* [REQUIREMENT]: I would like every record reproduced exactly, with the pictures left out.

====

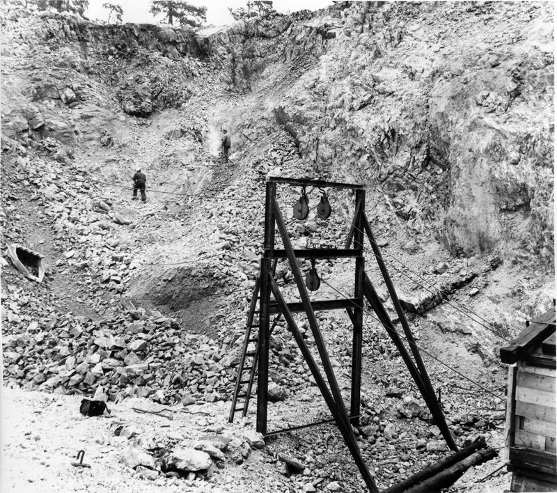 Skrapspel ovanför bergtunneln och bilarnas lastplats.
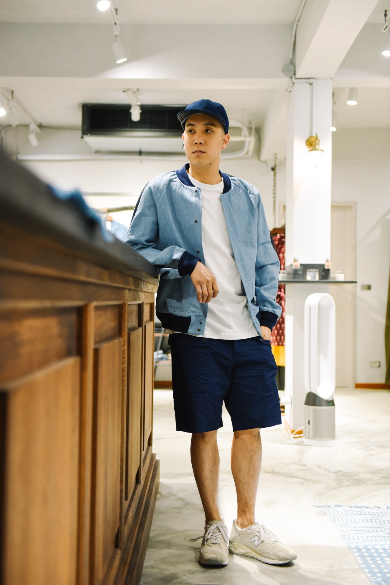 最後隨性地套上球鞋及輕便帽款,
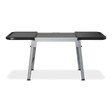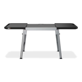 Le support est équipé de rails latéraux Weber WorksMC, compatibles avec divers accessoires à enclencher (vendus séparément), tels qu’un panier à condiments, des porte-accessoires ou un support de sac poubelle. Les deux tablettes latérales se rejoignent lorsque la plancha est retirée, offrant une surface pratique pour servir ou préparer vos plats.
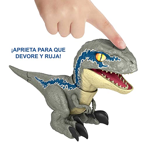 Intră în lumea sălbatică cu aceste figurine de dinozaur Uncaged Rowdy Roars, inspirate de aventurile palpitante din Jurassic World: Dominion. Această figură interactivă a velociraptorului Beta face ca relația dintre oameni și dinozauri să fie și mai apropiată, activându-se la atingere și putând să se MIȘTE, MORDĂ și RUGĂ. Privirea sa intimidează și are un design, culori și texturi stilizate, fiind o adăugare excelentă pentru a oferi un aspect sălbatic oricărei colecții de dinozauri. O palmă pe cap îl face să înceapă să muște și să răcnească într-un mod imprevizibil! Copiii pot mângâia partea de jos a bărbiei figurii pentru a o face să se aplece spre ei în timp ce emite sunete. Această figură în special poate părea familiară, dar este inspirată de un nou și interesant dinozaur din filmul Jurassic World: Dominion. Acest jucărie electronic măsoară aproximativ 18 cm înălțime și este un cadou minunat pentru iubitorii de dinozauri curajoși de la 4 ani în sus. Culorile, dimensiunile și decorarea pot varia.
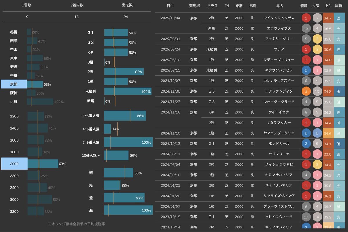 おはようございます☁️ 武豊騎手×京都芝2000m 複勝率 (2023〜2025年実績) ・複勝率63%で騎手平均以上 ・重賞クラスでも複勝率50%越え ・人気問わず馬券圏内が期待できる これは秋華賞が楽しみですね! 今日もよろしくお願いします😊 pic.x.com/iSXMUdi5SF
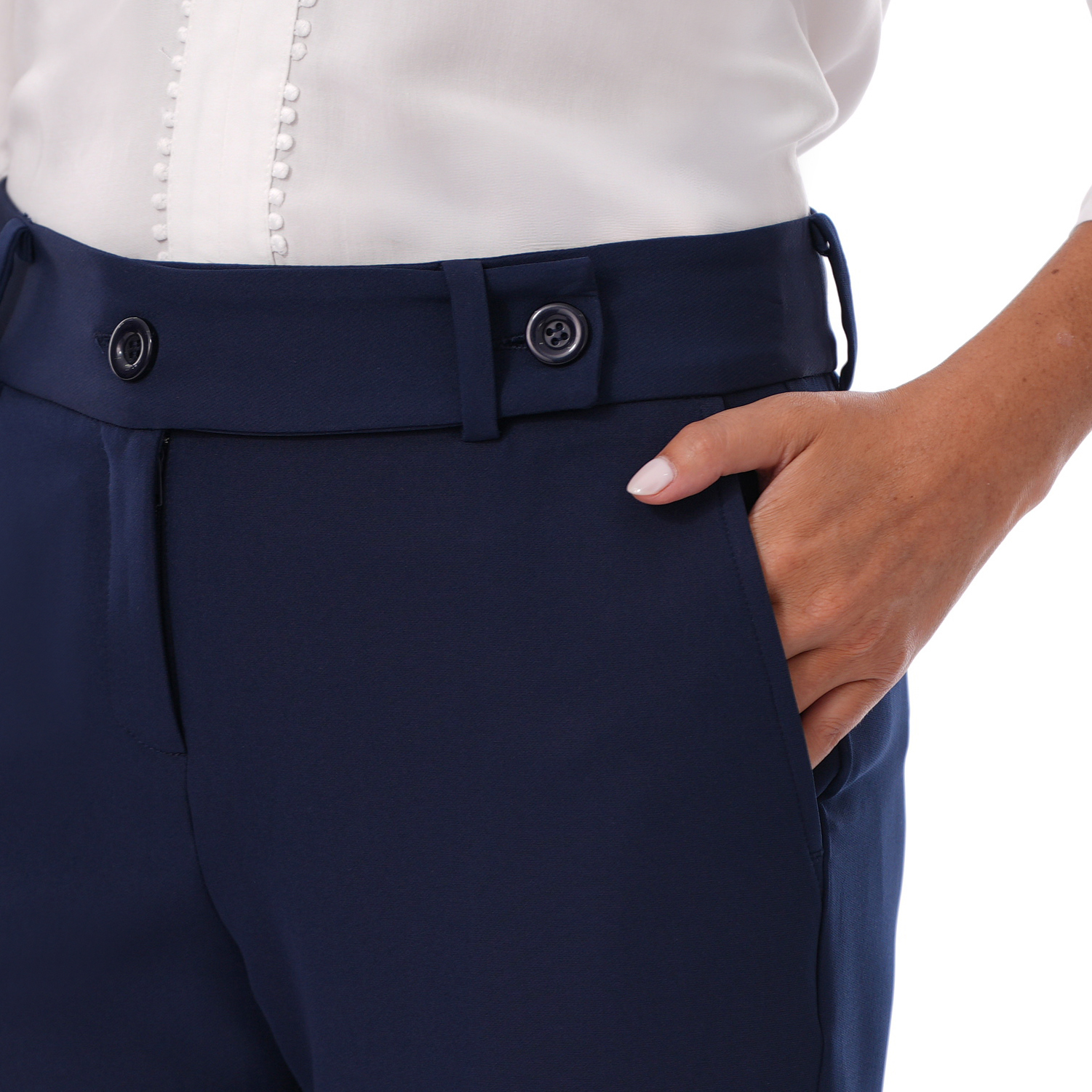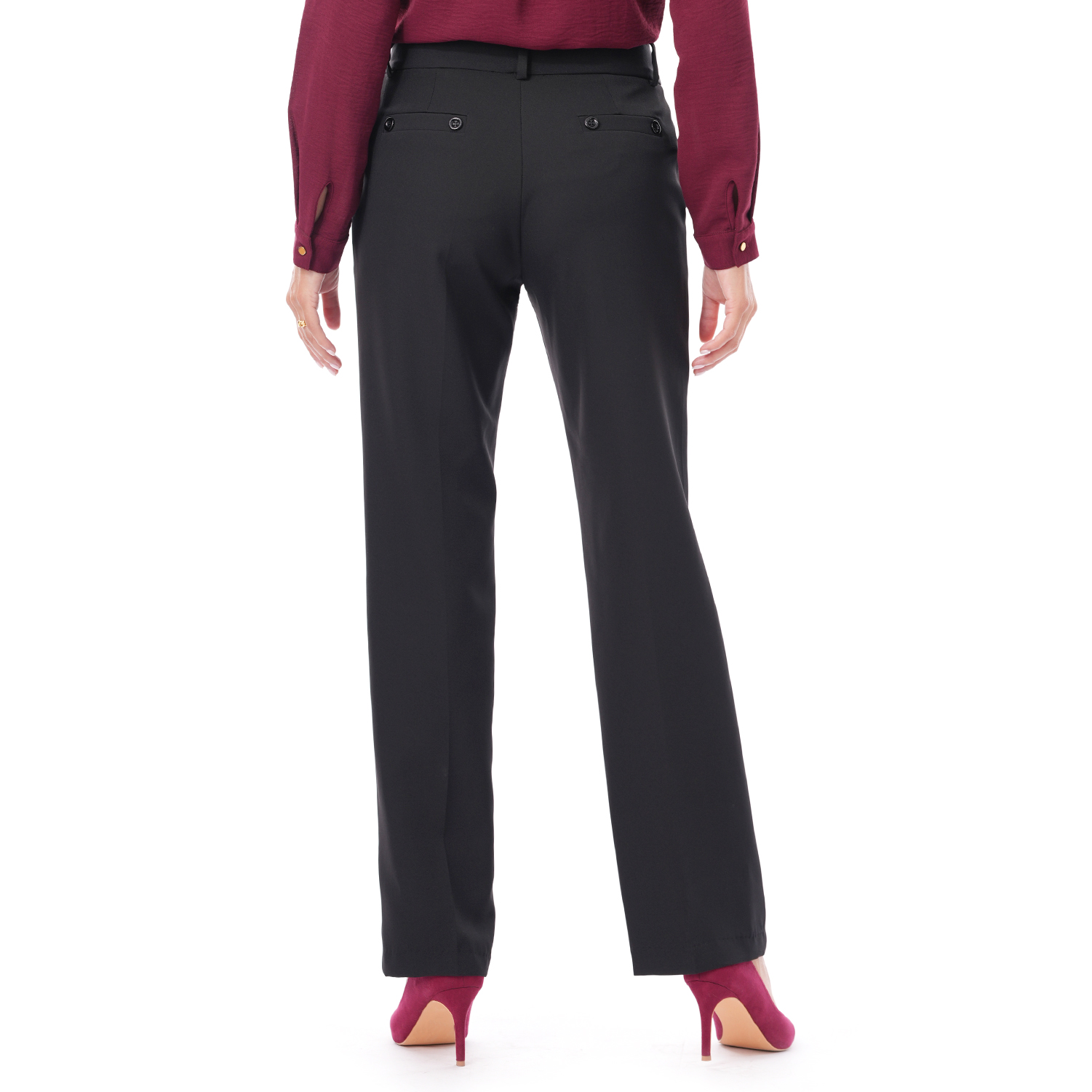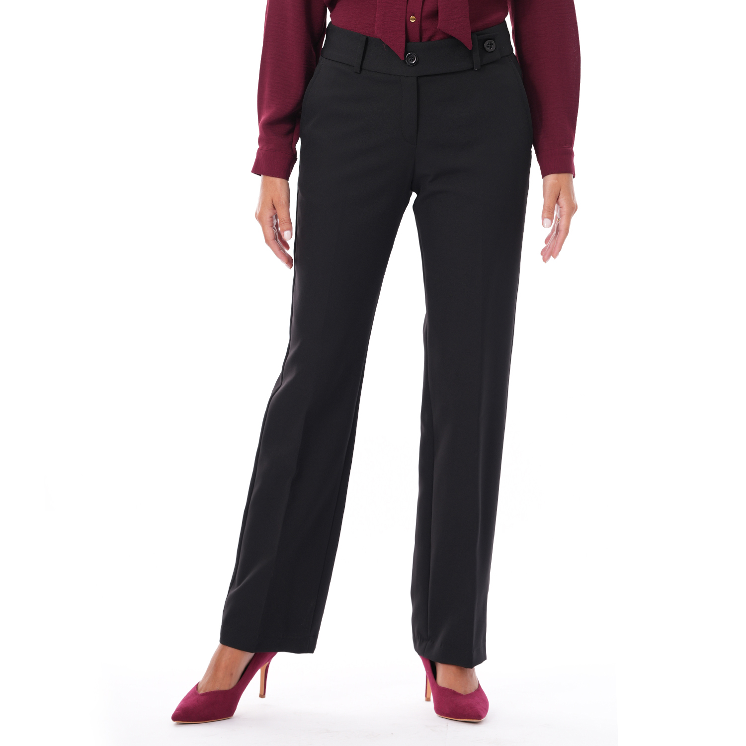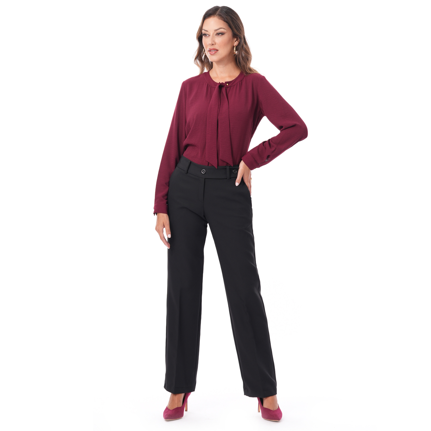 Este pantalón de color entero con detalle destaca por su diseño elegante y versátil, una prenda que aporta sofisticación y estilo a cualquier look.
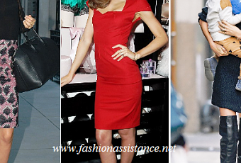 En la primera imagen, Miranda Kerr lleva un top negro con mangas transparentes, de Phillip Lim, falda estampada en negro y rosa imitando serpiente, por encima de la rodilla, de Balenciaga, que combinó con zapatos de Lanvin, Resort 2012 y bolso xl de de Givenchy. El vestido rojo de la segunda fotografía es un diseño de Roland Mouret. El minivestido negro de corte casi trapecio, está magistralmente combinado con unas botas de Hermès, Otoño 2012.
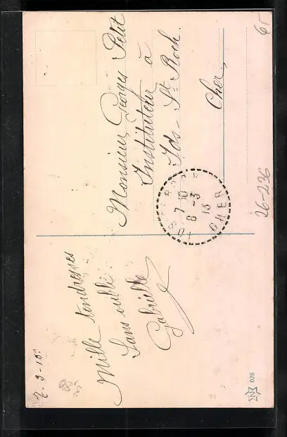 Personenbezogene Daten auf der Rückseite der Karte wurden durch blauen Textmarker unkenntlich gemacht. Die blauen Stellen sind auf die Vorderseite durchgeweicht und wirken sich negativ auf das Postkartenfoto aus
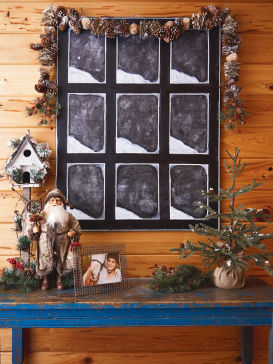 Brought to you from the crafters at Michaels, this pretty snowy Christmas window would look great above your fireplace mantle. And if you have some chalkboard paint left over from creating your chalkboard wall, it’s a really inexpensive Christmas craft to put together.

====

* [ANSWER TO THIS EXERCISE]:
 Skrapspel ovanför bergtunneln och bilarnas lastplats.
 最後隨性地套上球鞋及輕便帽款,
 Le support est équipé de rails latéraux Weber WorksMC, compatibles avec divers accessoires à enclencher (vendus séparément), tels qu’un panier à condiments, des porte-accessoires ou un support de sac poubelle. Les deux tablettes latérales se rejoignent lorsque la plancha est retirée, offrant une surface pratique pour servir ou préparer vos plats.
 Intră în lumea sălbatică cu aceste figurine de dinozaur Uncaged Rowdy Roars, inspirate de aventurile palpitante din Jurassic World: Dominion. Această figură interactivă a velociraptorului Beta face ca relația dintre oameni și dinozauri să fie și mai apropiată, activându-se la atingere și putând să se MIȘTE, MORDĂ și RUGĂ. Privirea sa intimidează și are un design, culori și texturi stilizate, fiind o adăugare excelentă pentru a oferi un aspect sălbatic oricărei colecții de dinozauri. O palmă pe cap îl face să înceapă să muște și să răcnească într-un mod imprevizibil! Copiii pot mângâia partea de jos a bărbiei figurii pentru a o face să se aplece spre ei în timp ce emite sunete. Această figură în special poate părea familiară, dar este inspirată de un nou și interesant dinozaur din filmul Jurassic World: Dominion. Acest jucărie electronic măsoară aproximativ 18 cm înălțime și este un cadou minunat pentru iubitorii de dinozauri curajoși de la 4 ani în sus. Culorile, dimensiunile și decorarea pot varia.
 おはようございます☁️ 武豊騎手×京都芝2000m 複勝率 (2023〜2025年実績) ・複勝率63%で騎手平均以上 ・重賞クラスでも複勝率50%越え ・人気問わず馬券圏内が期待できる これは秋華賞が楽しみですね! 今日もよろしくお願いします😊 pic.x.com/iSXMUdi5SF
 Este pantalón de color entero con detalle destaca por su diseño elegante y versátil, una prenda que aporta sofisticación y estilo a cualquier look.
 En la primera imagen, Miranda Kerr lleva un top negro con mangas transparentes, de Phillip Lim, falda estampada en negro y rosa imitando serpiente, por encima de la rodilla, de Balenciaga, que combinó con zapatos de Lanvin, Resort 2012 y bolso xl de de Givenchy. El vestido rojo de la segunda fotografía es un diseño de Roland Mouret. El minivestido negro de corte casi trapecio, está magistralmente combinado con unas botas de Hermès, Otoño 2012.
 Personenbezogene Daten auf der Rückseite der Karte wurden durch blauen Textmarker unkenntlich gemacht. Die blauen Stellen sind auf die Vorderseite durchgeweicht und wirken sich negativ auf das Postkartenfoto aus
 Brought to you from the crafters at Michaels, this pretty snowy Christmas window would look great above your fireplace mantle. And if you have some chalkboard paint left over from creating your chalkboard wall, it’s a really inexpensive Christmas craft to put together.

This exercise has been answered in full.